The first few rows of the output are full of NAs. To remove those, use the dropna() method of the data frame.

In [64]:
surveys.dropna().head(10)
Out[64]:
record_id month day year plot_id species_id sex hindfoot_length weight genus species taxa plot_type weight_kg
11 845 5 6 1978 2 NL M 32.0 204.0 Neotoma albigula Rodent Control 0.204
13 1164 8 5 1978 2 NL M 34.0 199.0 Neotoma albigula Rodent Control 0.199
14 1261 9 4 1978 2 NL M 32.0 197.0 Neotoma albigula Rodent Control 0.197
17 1756 4 29 1979 2 NL M 33.0 166.0 Neotoma albigula Rodent Control 0.166
18 1818 5 30 1979 2 NL M 32.0 184.0 Neotoma albigula Rodent Control 0.184
19 1882 7 4 1979 2 NL M 32.0 206.0 Neotoma albigula Rodent Control 0.206
20 2133 10 25 1979 2 NL F 33.0 274.0 Neotoma albigula Rodent Control 0.274
21 2184 11 17 1979 2 NL F 30.0 186.0 Neotoma albigula Rodent Control 0.186
22 2406 1 16 1980 2 NL F 33.0 184.0 Neotoma albigula Rodent Control 0.184
24 3000 5 18 1980 2 NL F 31.0 87.0 Neotoma albigula Rodent Control 0.087

By default, .dropna() removes all rows that has an NA value in any of the columns.
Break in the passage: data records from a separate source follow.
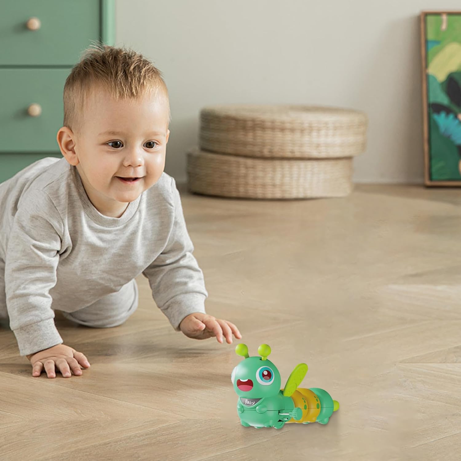 di gioco migliorato: migliora il fattore divertente nel di gioco con il nostro giocattolo strisciante. vibrante. I suoi irresistibili colori vivaci attirano immediatamente l'attenzione del bambino, stimolando la sua percezione dei colori grazie alla sua combinazione di colori vivaci, il che rende un must da giocare come mai prima. e coinvolgente: con il suo aspetto dei cartoni animati e gli angoli arrotondati, questo giocattolo strisciante è progettato a forma di per catturare l'attenzione del tuo bambino senza sforzo. Il design sicuro e divertente incoraggia l'esplorazione, soddisfacendo la curiosità naturale e di suonare il tuo bambino. Usa senza problemi: coinvolgi tuo figlio con questo giocattolo strisciante sia ecologico che semplice da usare; Basta girare il meccanismo di orologeria per un movimento piacevole: non è necessaria una batteria. Incoraggia il gioco attivo: con un movimento accattivante che guida e motiva i bambini striscianti a seguire, questo giocattolo di binario stimola il coordinamento e promuove lo sviluppo delle capacità motorie. Un compagno essenziale per i bambini piccoli che imparano a strisciare ed esplorare il mondo che li circonda. Sostenitore dello sviluppo: promuovere le capacità cognitive, l'osservazione, la coordinazione 'occhio e la muscolare con il nostro giocattolo strisciante stimolante a forma di un . Preparali per il passo futuro.
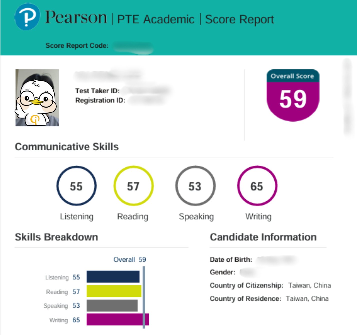 🔥PTE OVERALL 59分
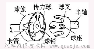 ·萬向節工作時,動力由半軸輸入,經球叉、傳力球、球銷,最后經球籠輸出。結構較緊湊。
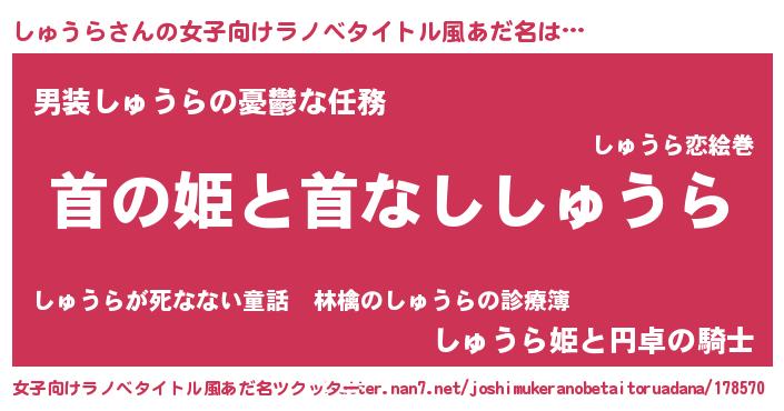 | ヘコむあだ名 | 『しゅにゅー』『しゅぷりん』『牛乳』 |
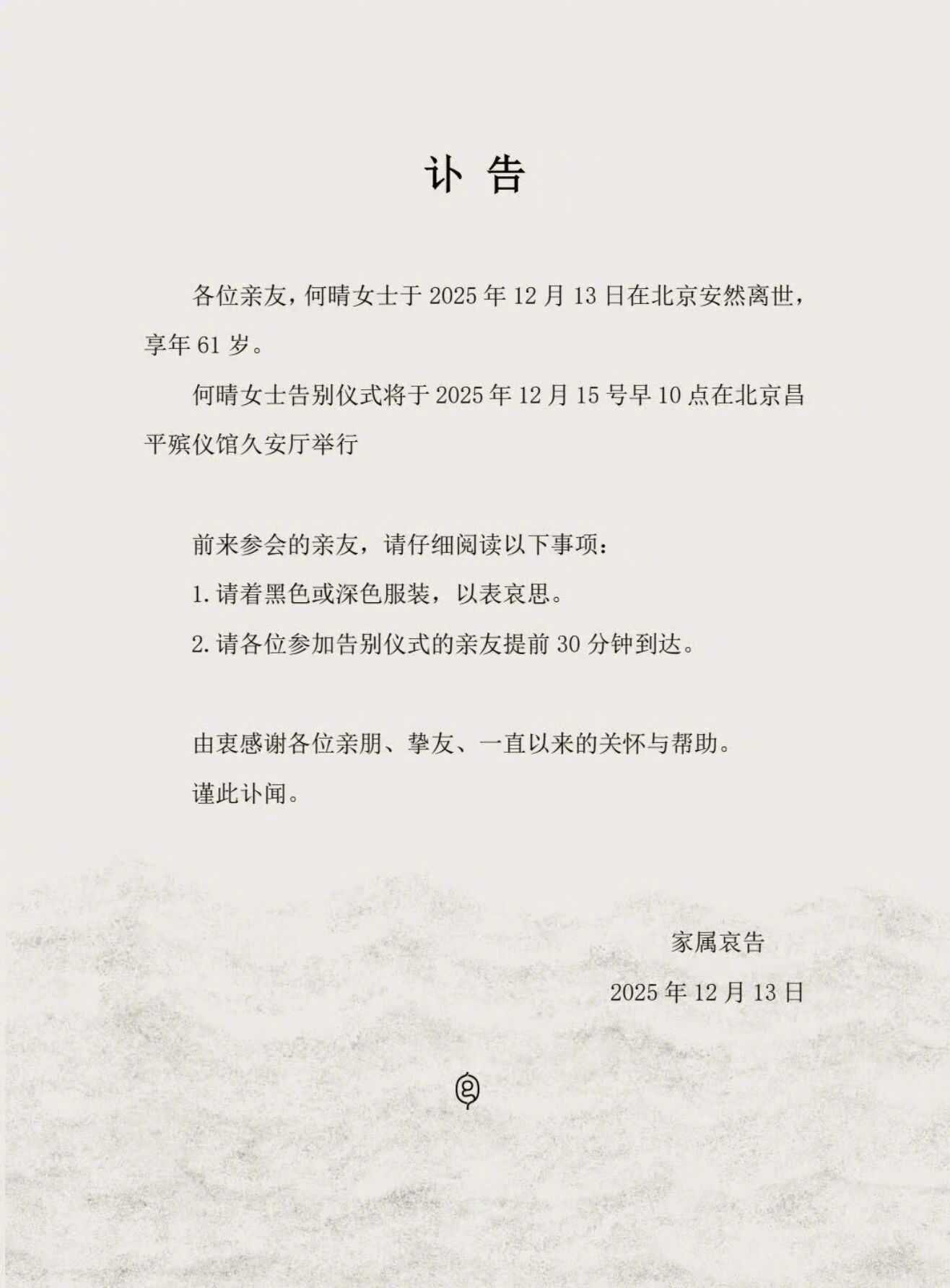 演员何晴去世 13日,知名演员何晴在北京离世,享年61岁。据家属讣告,告别仪式将于2025年12月15号早10点在北京昌平殡仪馆久安厅举行。何晴1964年出生于浙江,13岁进入浙江昆剧团学习昆曲,1983年出演《少林俗家弟子》进入影视圈,此后她陆续出演《西游记》《红楼梦》《三国演义》《水浒传》,是唯一一位演遍“四大名著”的女演员。

There are parameters that controls how the rows are dropped and which columns should be searched for NAs.

Challenge

Create a new data frame from the surveys data that meets the following criteria: contains only the species_id and hindfoot_length columns, and a new column called hindfoot_half containing values that are half the hindfoot_length values. In this hindfoot_half column, there are no NAs and all values are less than 30.

Hint: It is a good idea to break this into three steps!

This concludes the introductory data analysis section.